Items from a data source:
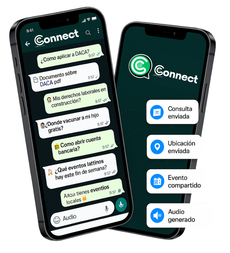 Latins Connect es tu nuevo asistente inteligente en español, creado para ayudarte con lo que necesitas como latino en EE.UU. Respuestas confiables, acceso a recursos y acompañamiento humano, cuando más lo necesitas.
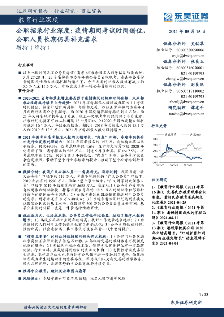 东吴证券:公职招录行业深度:疫情期间考试时间错位,公职人员长期仍具补充需求.pdf
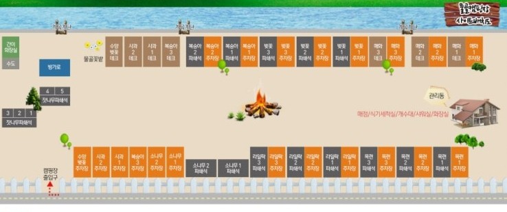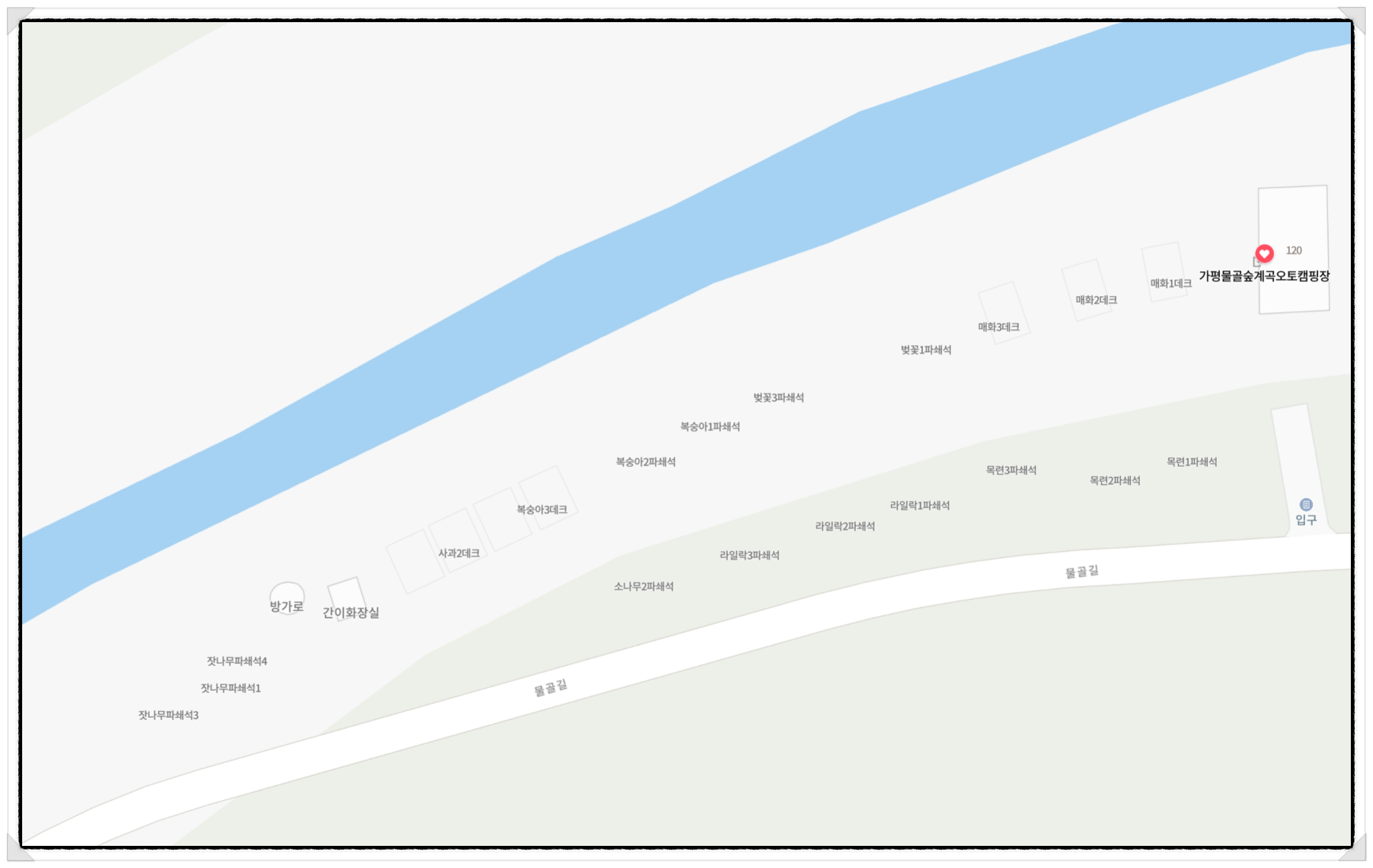 사이트는 캠핑장 공식 카페의 배치도와 네이버 지도를 확대해 보시면 잘 나와 있습니다. 참고하세요.
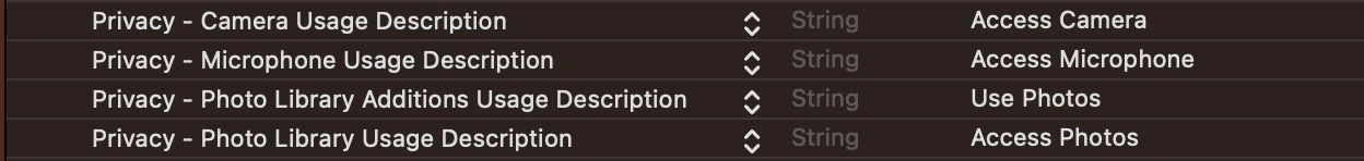 - Allow Camera, Microphone and photo Library access in Info.plist
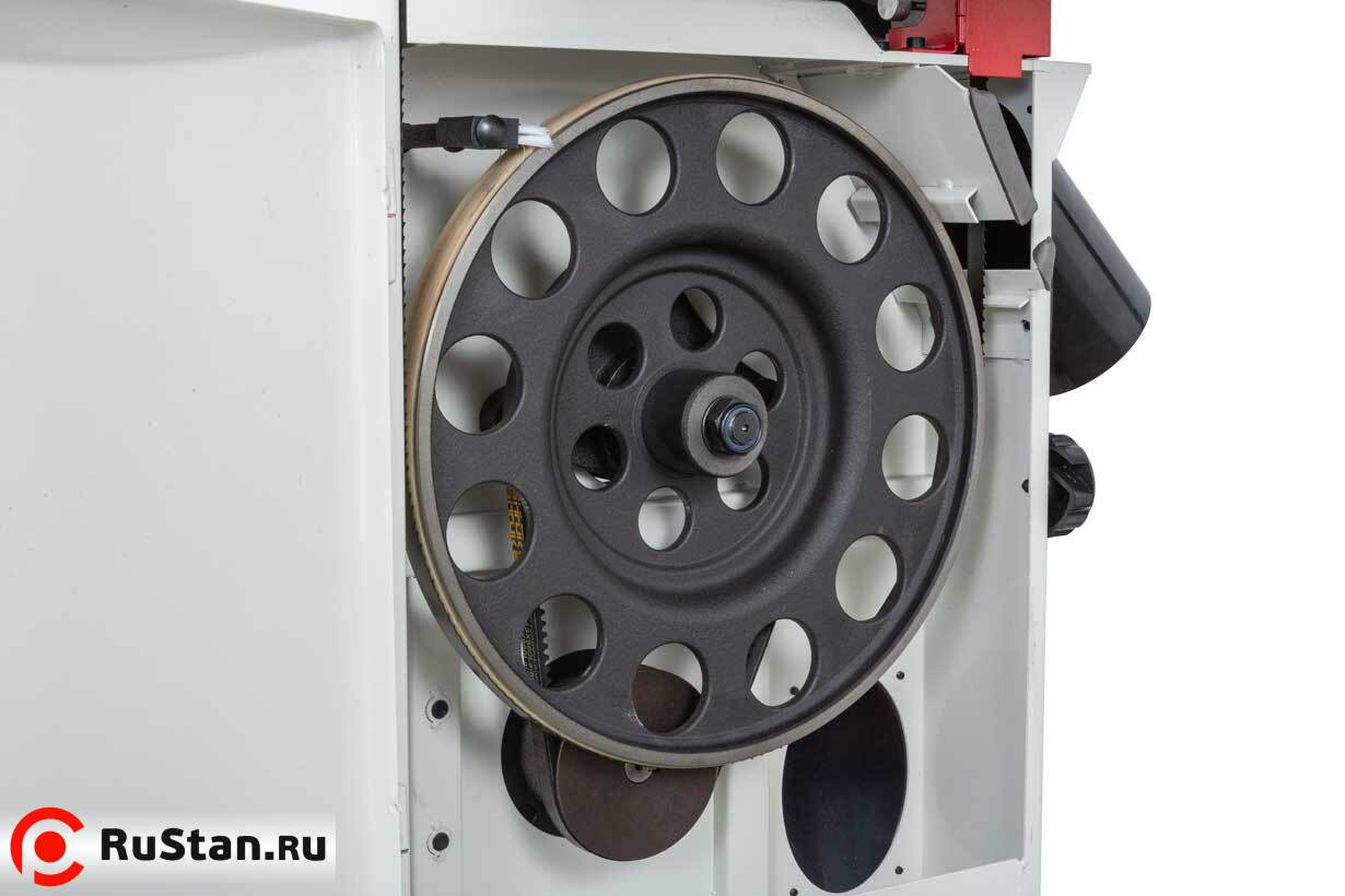 Механизм натяжения и центрирования ленты включает в себя две группы трехроликовых направляющих на шарикоподшипниках, стрелочный индикатор уровня натяжения, регулирующие маховики, два смотровых окошка и рычаг быстрого натяжения-ослабления. Чтобы улучшить плавность работы, использованы чугунные шкивы с массивным телом.
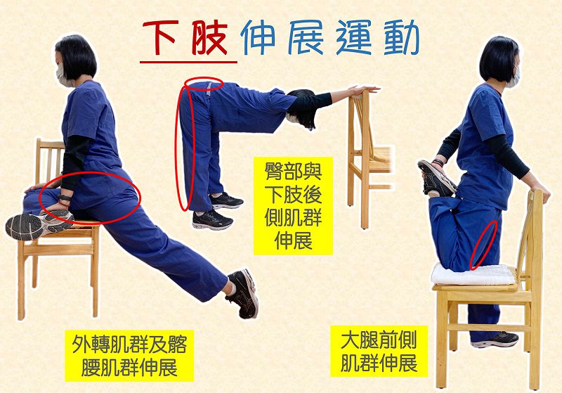 遠離久坐,站起來動一動。復健醫學部物理治療師林秀玲教您可以使用一張椅子搭配三個下肢伸展運動。首先是「外轉肌群及髂腰肌群伸展」:左腳向後伸直,右腳前彎曲支撐在椅面,上半身及骨盆朝正前方慢慢往前趴,停留五到二十秒,須雙腳交換重複五次。其次是「臀部與下肢後側肌群伸展」:雙手輔靠椅背,雙腳後退,臀部慢慢向後延伸,上身挺直與下肢成九十度,停留十到二十秒,放鬆後重複施做五次。最後是「大腿前側肌群伸展」:椅面鋪毛巾,左手支撐椅背,右膝蓋支撐椅面維持平衡,上身挺直、骨盆朝前,右手抓右腳踝處往臀部方向加壓,停留五到二十秒,雙腳交換施做重複五次。
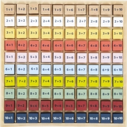 Fedezze fel az okos és szórakoztató taneszközt – fa táblát színes kockákkal a 20-ig terjedő összeadás gyakorlásához. Minden kocka egyik oldalán feladat, a másikon megoldás található, így a gyerekek önállóan ellenőrizhetik a válaszaikat. A masszív, 100% FSC fa hosszú élettartamot biztosít, a kompakt méret pedig ideális utazáshoz és iskolába is.
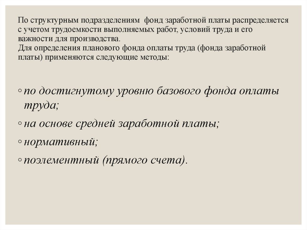 По структурным подразделениям фонд заработной платы распределяетсяс учетом трудоемкости выполняемых работ, условий труда и его
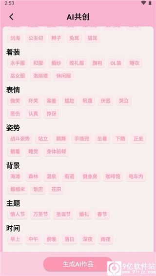更加强大的是,软件内还提供了AI作画功能,用户可以使用开发者配置好的词条进行筛选,最后将自己觉得合适的词条投入软件内使用AI进行作画,十分的新鲜有趣。如果你也喜欢这款软件的功能,那就速来本站下载这款傲娇壁纸app吧。
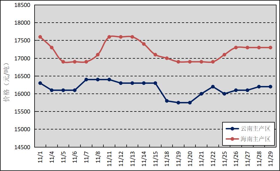 國內(nèi)主產(chǎn)區(qū):11月,云南大部分產(chǎn)區(qū)月底停割,海南產(chǎn)區(qū)正常開展割膠。云南、海南鮮膠乳(折干膠)月均價(jià)格分別為16148元/噸、17186元/噸,環(huán)比下跌496元/噸、1464元/噸。
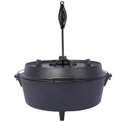 Pre-Seasoned Cast Iron Dutch Oven With Skillet Lid, Outdoor Camping Deep Pot For Camping Fireplace Cooking BBQ Baking Campfire, Leg Base, 8 Quart
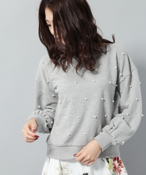 パールがランダムにちりばめられた裏毛トップスです。 きれいめなカジュアルアイテムで、フェミニンなスカートと合わせるのがアンデミュウらしい。 シルエットがでないデザインとストレスフリーな着心地です。
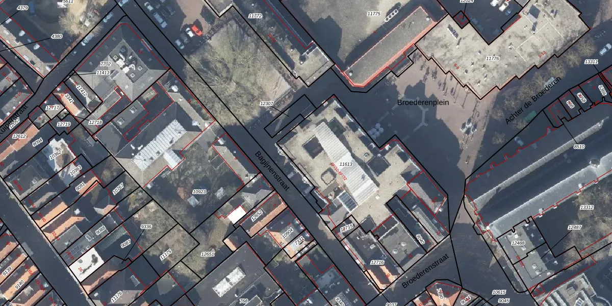 Het perceel waarop Bagijnenstraat 6-F-17 staat heeft een oppervlakte van 1550 m². Dit is een zeer groot perceel. De perceeloppervlakte wordt geregistreerd door het Kadaster. Gedetailleerde informatie over de maten van dit perceel kunt u vinden in het rapport Kadastrale kaart met maatvoering van Bagijnenstraat 6-F-17.
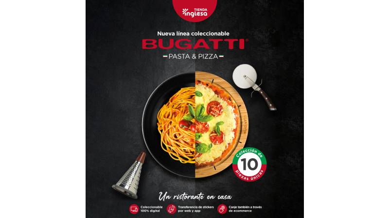La marca especializada en artículos para la cocina y el hogar, Bugatti, con más de 90 años en el mercado, vuelve a Tienda Inglesa con una línea coleccionable de Pasta & Pizza, disponible hasta agotar stock. Esta es la novena colección Bugatti que llega a la Tienda para convertir la cocina de todos los hogares en un verdadero restaurante con los clásicos de Italia. El set consta de diez piezas únicas, cinco para pasta y cinco para pizza.
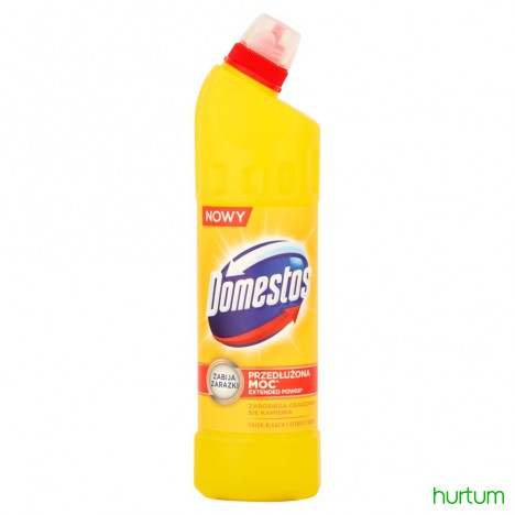 Domestos Przedłużona Moc* Citrus Fresh zagęszczony płyn czyszcząco-dezynfekujący. Powoduje poważne oparzenia skóry oraz uszkodzenia oczu. Działa bardzo toksycznie na organizmy wodne. Może powodować korozję metali. Uwaga! Nie stosować razem z innymi produktami. Mozę wydzielać niebezpieczne gazy (chlor). Chronić przed dziećmi. Przechowywać wyłącznie w oryginalnym pojemniku. Unikać uwolnienia do środowiska. Stosować rękawice ochronne/odzież ochronną/ochronę oczu/ochronę twarzy. W PRZYPADKU KONTAKTU ZE SKÓRĄ (lub z włosami): Natychmiast zdjąć całą zanieczyszczoną odzież. Spłukać skórę pod strumieniem wody/prysznicem. W PRZYPADKU DOSTANIA SIĘ DO OCZU: Ostrożnie płukać woda przed kilka minut. Wyjąć soczewki kontaktowe, jeżeli są i można je łatwo usunąć. Nadal płukać. Natychmiast skontaktować się z OŚRODKIEM ZATRUĆ/lekarzem. Zebrać wyciek. Zwartość/pojemnik usuwać do miejsc zgodnie z wymogami władz lokalnych. ZAWIERA: chloran(I) sodu, N-tlenki kokosoalkilo(dimetylo)amin, wodorotlenek sodu.
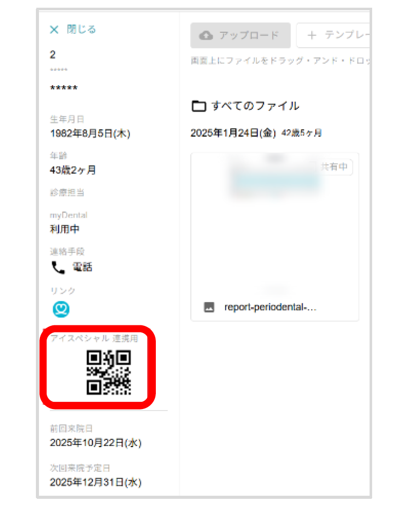 ジニー で患者を選択し、アイスペシャルC-Ⅱ , C-Ⅲ , C-Ⅳ , C-Ⅴ 専用のQRコードを表示します。
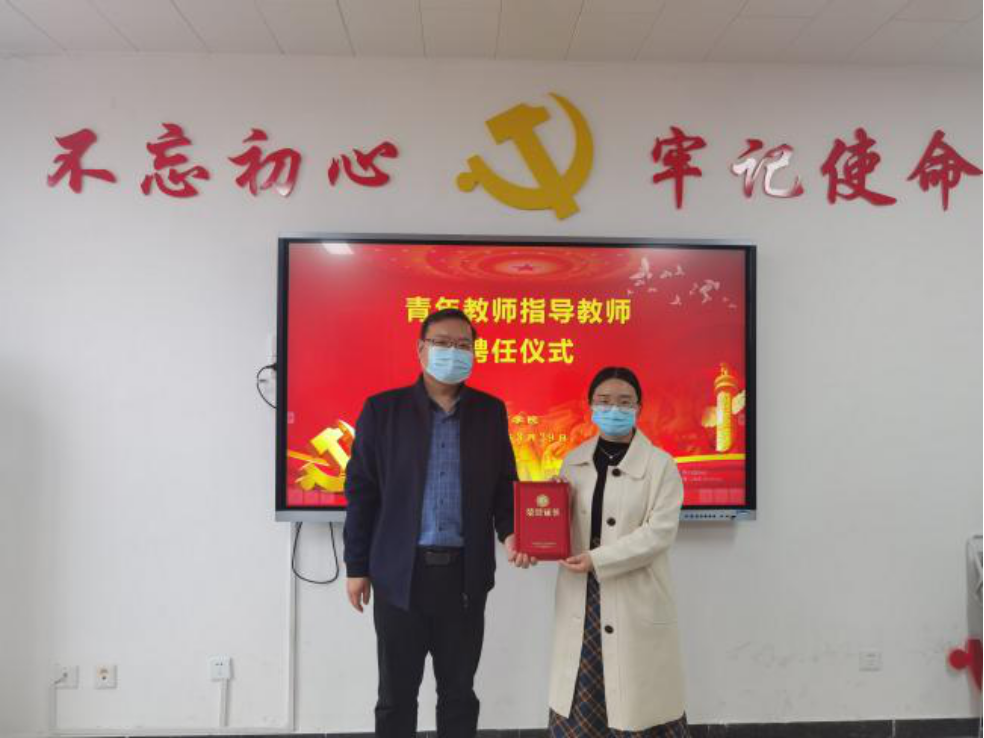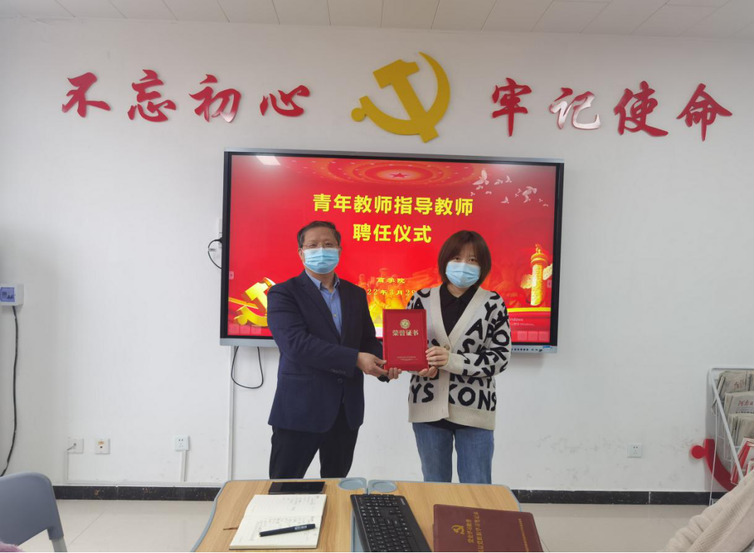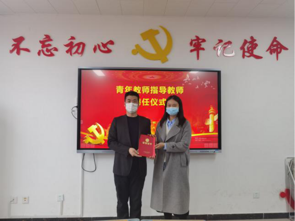 会上,教务办主任王珂宣读了《皇冠APP体育关于聘任高钰等十六位同志为青年教师指导教师的通知》,院长孙勇为五位指导教师颁发聘书。
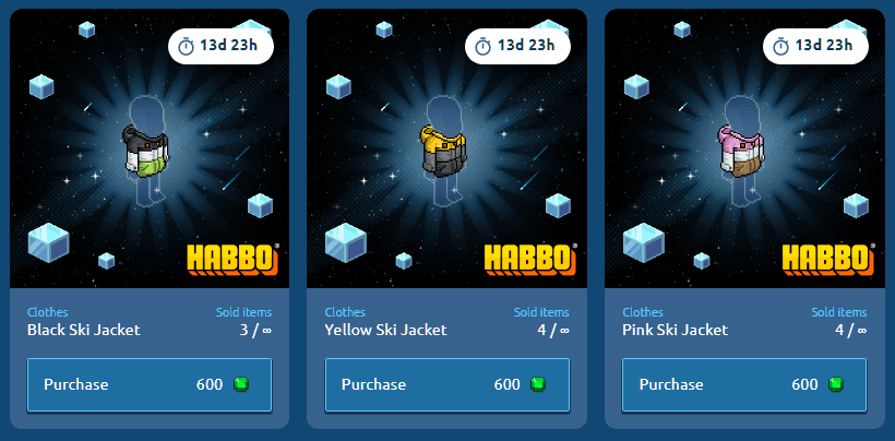 [COL] En venta: Chaquetas de esquí Hace 2 años Dantempo 10 Popular Archivada Información de la publicación Publicada: 21/02/2024 13:04:53 H.P.E. Autor: Dantempo Último comentario:@ngelytox Ir Visitas: 401 Información general Categoría: Prendas en venta Tipo: Prendas coleccionables Precio: 600 Fecha de inicio de venta: 21/02/2024 Fecha de final de venta: 06/03/2024 Lugar de venta: Tienda de Coleccionables Imágenes de las prendas y de la Tienda de Coleccionables Ir a la Tienda de Coleccionables
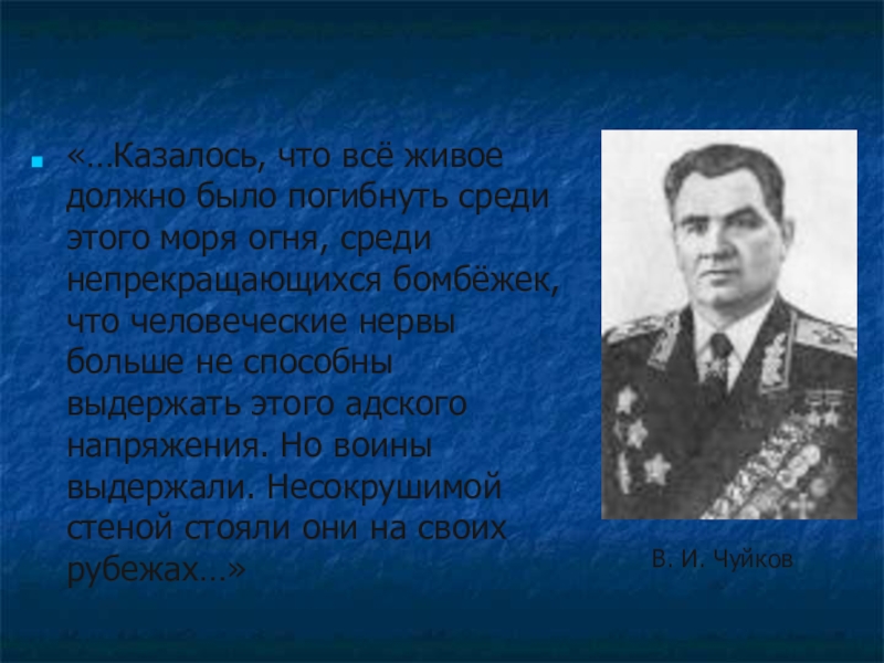 среди непрекращающихся бомбёжек, что человеческие нервы больше не способны выдержать этого адского напряжения. Но воины выдержали. Несокрушимой стеной стояли они на своих рубежах…»

▸ **Problem to solve**
Repeat the lines above exactly, beginning with the one containing "ジニー で患者を選択し、アイスペシャルC-Ⅱ , C-Ⅲ" and finishing with the one containing "[COL] En venta: Chaquetas". No pictures belong in the copy.

▸ **Your response**
 ジニー で患者を選択し、アイスペシャルC-Ⅱ , C-Ⅲ , C-Ⅳ , C-Ⅴ 専用のQRコードを表示します。
 会上,教务办主任王珂宣读了《皇冠APP体育关于聘任高钰等十六位同志为青年教师指导教师的通知》,院长孙勇为五位指导教师颁发聘书。
 [COL] En venta: Chaquetas de esquí Hace 2 años Dantempo 10 Popular Archivada Información de la publicación Publicada: 21/02/2024 13:04:53 H.P.E. Autor: Dantempo Último comentario:@ngelytox Ir Visitas: 401 Información general Categoría: Prendas en venta Tipo: Prendas coleccionables Precio: 600 Fecha de inicio de venta: 21/02/2024 Fecha de final de venta: 06/03/2024 Lugar de venta: Tienda de Coleccionables Imágenes de las prendas y de la Tienda de Coleccionables Ir a la Tienda de Coleccionables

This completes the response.